Minmax regret bottleneck problems with solution-induced interval uncertainty structure

We consider minmax regret bottleneck subset-type combinatorial optimization problems, where feasible solutions are some subsets of a finite ground set of cardinality n. The weights of elements of the ground set are uncertain; for each element, an uncertainty interval that contains its weight is given. In contrast with previously studied interval data minmax regret models, where the set of scenarios (possible realizations of the vector of weights) does not depend on the chosen feasible solution, we consider the problem with solution-induced interval uncertainty structure. That is, for each element of the ground set, a nominal weight from the corresponding uncertainty interval is fixed, and it is assumed that only the weights of the elements included in the chosen feasible solution can deviate from their respective nominal values.
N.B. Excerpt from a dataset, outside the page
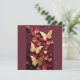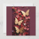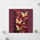 Eine lebendige Szene mit kunstvoll gestalteten goldenen Schmetterlingen, die sich in einem üppigen, roten Blau anmutig positionieren. Die Schmetterlinge mit ihren detaillierten Flügeln scheinen inmitten der blumigen Anordnung zu flattern.
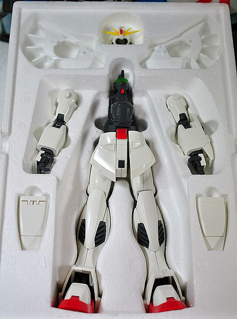 圖為1993 年9 月推出的HG 1/100 V2 鋼彈,可以看到在光之翼、腳盤和胸部等零件都是採用系統多色成型,而眼窩和胸口等難度很高的細部分色也做得相當徹底。只要上個墨線就有很高的完成度了。

This uncertainty structure is motivated, for example, by network design problems, where the weight (construction cost, connection time, etc.) of an edge gets some ''real'' value, possibly different from its original nominal estimate, only for the edges (connections) that are actually implemented (built); or by capital budgeting problems with uncertain profits of projects, where only the profits of implemented projects can take ''real'' values different from the original nominal estimates. We present a polynomial O(n^2) algorithm for the problem on a uniform matroid of rank p, where feasible solutions are subsets of cardinality p of the ground set. For the special case where the minimum of the nominal weights is greater than the maximum of the lower-bound weights, we present a simple O(n+plogp) algorithm.